The Real Immigration Issue Is Jobs

Iowa staged a big show-and-tell for nine 2016 presidential candidates last week. Wisconsin Governor Scott Walker seems to be the only one who talked about a growing issue at the grassroots: how American jobs and wages are adversely affected by Obama’s immigration policies.

U.S. BorderThe argument that immigrants do jobs that Americans won’t do is as phony as a three-dollar bill. As Thomas Sowell pointed out, “Virtually every kind of ‘work that Americans will not do’ is in fact work that Americans have done for generations,” and “most of the people doing that work today are Americans.”

The United States gives permanent legal resident status (called a green card, which means lifetime residency plus the option of citizenship) to about one million people a year. In addition, the U.S. gives out a half million student and exchange visas, admission tickets to tens of thousands of aliens claiming to be refugees, and 700,000 visas to temporary workers and their families.

After a speech in Cedar Rapids, Walker answered a question by saying he would make sure that our “legal immigration system is based on making our No.1 priority to protect American workers and their wages.” That’s music to the ears of the grassroots, but Walker seems to be the only candidate who gets it.

It was at least the third time this month that Walker had made the same point, using almost identical language. This time, in response to a questioner, Walker stressed, “I don’t know how anyone can argue against that.”

If you notice, the critics of Walker’s immigration remarks don’t address or try to refute his facts, but instead seem offended that he connected jobs and wages to immigration. In fact, the numbers are compelling.

According to a new report from the Congressional Research Service, the U.S. has admitted 51 million immigrants in the last eight years and, as immigration expanded, the incomes of the bottom 90 percent of Americans dropped and then went flat. Republicans will be the big losers in 2016 in the face of headlines such as: “Middle class incomes drop as immigration surges.”

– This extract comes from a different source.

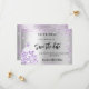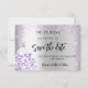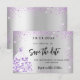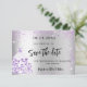 En modern falsk silverfärgad bakgrund dekorerad med lila falskt glitter, gnistrande och en klänning. Anpassa och lägg till ett datum och namn. Texten: Spara datumet är skriven med en stor trendig handskriven stil.

Despite these numbers, the big corporations are demanding the right to bring in even more foreign labor. Just last Friday, a group of corporations invited Senators to a closed-to-the-press briefing dedicated to “improving” the H-1B program by tripling the number of visas. As Rutgers professor Hal Salzman pointed out, that would enable the tech industry to fill 100% of its job openings with people brought in from China and India.

You have to watch the language and the choice of words. “Comprehensive immigration reform” means giving citizenship to the estimated 12 million illegal aliens now living in the United States.

I think everyone admitted to the U.S. should be informed at the border that you can never become an American citizen unless you swear a solemn oath to “support and defend the Constitution and laws of the United States of America against all enemies, foreign and domestic … and that I take this obligation freely, without any mental reservation or purpose of evasion; so help me God.”

Americans not in the labor force now exceed 93 million for the first time. With a labor force participation of 62.7 percent, we are at a 37-year low, according to the Bureau of Labor Statistics.

Today we have a record 12.2 million black Americans who are not in the labor force. For black teens age 16 to 19, unemployment is a whopping 25 percent, which means that one in four black teens does not have a job and is actively seeking one.

According to former Cincinnati Mayor Ken Blackwell, Obama’s giving work permits to millions of illegal aliens is an unlawful attack on American workers at every skill level. Yet, Obama reassured the aliens: “All we’re saying is we’re not going to deport you.”

Some in Congress are starting to talk about reforming Social Security. But no one is addressing the financial burden that Obama’s 2012 executive amnesty caused the Social Security Administration to issue 541,000 Social Security numbers to illegal aliens.

White House spokesmen telephoned friendly companies and assured them his immigration policies “would make it easier for them to retain foreign workers.” But the public was fed a different line: Obama claimed foreign workers would not compete for existing jobs because they would be creating new “jobs, businesses, and industries right here in America.”